Performance & drive
What it’s like to drive, and how quiet it is
Engine, 0-60mph and gearbox
There are two electric motors to choose from for the Skoda Enyaq – the one in the ‘60’ version has 177bhp and the one in the ‘80’ version packs 201bhp. The difference in acceleration isn’t dramatic, though, partly because the latter has to lug around a heavier battery pack.
In short, both versions of the Enyaq feel nippy enough and can hit 60mph from a standstill in around 8.5 seconds – faster than many petrol and diesel alternatives in this price bracket. Performance is also near-enough identical to the closely related Volkswagen ID.4, although the more expensive Ford Mustang Mach-E, Polestar 2 and Tesla Model 3 offer much faster acceleration if that’s your priority.
The ‘80’ version has a clear edge when it comes to range, though, and can officially manage up to 333 miles on a full change. Mind you, even the ‘60’ version claims a very respectable 256 miles. We’ve yet to conduct our scientific range tests on either model but, as long as it isn’t too chilly outside, we would expect at least 200 miles from the ‘60’ and 250 miles from the ‘80’ in real-world driving.
Suspension and ride comfort
Because electric cars have to carry around heavy battery packs, they tend not to smother bumps as brilliantly as the best petrol and diesel alternatives. The same is true of the Skoda Enyaq, because there’s a slightly unsettled quality to the ride in urban environments.
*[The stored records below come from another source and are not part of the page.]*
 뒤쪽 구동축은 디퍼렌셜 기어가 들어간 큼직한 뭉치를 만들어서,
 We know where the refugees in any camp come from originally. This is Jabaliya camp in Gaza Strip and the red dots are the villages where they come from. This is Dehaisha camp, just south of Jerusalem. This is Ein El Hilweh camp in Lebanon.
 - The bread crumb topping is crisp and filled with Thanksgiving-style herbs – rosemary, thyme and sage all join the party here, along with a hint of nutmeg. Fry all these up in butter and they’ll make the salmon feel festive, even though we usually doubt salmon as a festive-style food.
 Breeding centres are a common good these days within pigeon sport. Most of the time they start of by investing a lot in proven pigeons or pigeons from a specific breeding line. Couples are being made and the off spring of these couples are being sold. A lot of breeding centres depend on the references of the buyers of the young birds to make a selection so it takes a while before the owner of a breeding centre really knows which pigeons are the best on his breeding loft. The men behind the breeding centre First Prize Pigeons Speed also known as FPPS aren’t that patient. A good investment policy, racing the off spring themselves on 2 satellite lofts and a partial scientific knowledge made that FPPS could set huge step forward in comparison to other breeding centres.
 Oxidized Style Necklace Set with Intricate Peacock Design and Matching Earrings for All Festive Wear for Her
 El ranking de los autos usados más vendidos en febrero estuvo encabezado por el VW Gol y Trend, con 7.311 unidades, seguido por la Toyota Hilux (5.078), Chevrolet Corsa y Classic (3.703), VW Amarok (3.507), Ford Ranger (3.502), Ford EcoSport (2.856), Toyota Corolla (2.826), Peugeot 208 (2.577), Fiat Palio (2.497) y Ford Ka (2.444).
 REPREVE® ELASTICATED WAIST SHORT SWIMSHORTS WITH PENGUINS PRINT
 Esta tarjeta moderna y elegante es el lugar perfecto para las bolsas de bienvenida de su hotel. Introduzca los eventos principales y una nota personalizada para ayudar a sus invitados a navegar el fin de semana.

The Enyaq is much smoother on faster roads, though, and offers similar levels of comfort to the ID.4. Both cars are far more composed and less wearing than the Mustang Mach-E, which, to be blunt, has an annoyingly bouncy ride.
The Skoda Enyaq isn’t a car you’ll be waking up early on Sunday mornings to drive (at least, not unless you need to get your kids to football practice). But while it isn't especially fun or engaging, it is easy and relaxing to drive – and that’s the overwhelming priority in a large SUV.
As long as you aren't overzealous, it stays fairly upright through corners and the light but precise steering allows you to position the car with confidence. The tight turning circle is a real boon when you're parking and manoeuvring.
Noise and vibration
Like all electric cars, the Enyaq has a big advantage over petrol and diesel alternatives because there’s no combustion engine chugging away under the bonnet, but even compared to other EVs this is a peaceful companion.
There isn't much road noise and only the faint whistle of wind around the door mirrors at a steady 70mph cruise. Indeed, our only slight criticism is the ‘boom, boom, boom’ from the suspension that can be heard when you’re driving along a poorly surfaced road.
By electric car standards, the brakes behave predictably, making it easy to slow your progress without doing an impression of a learner driving.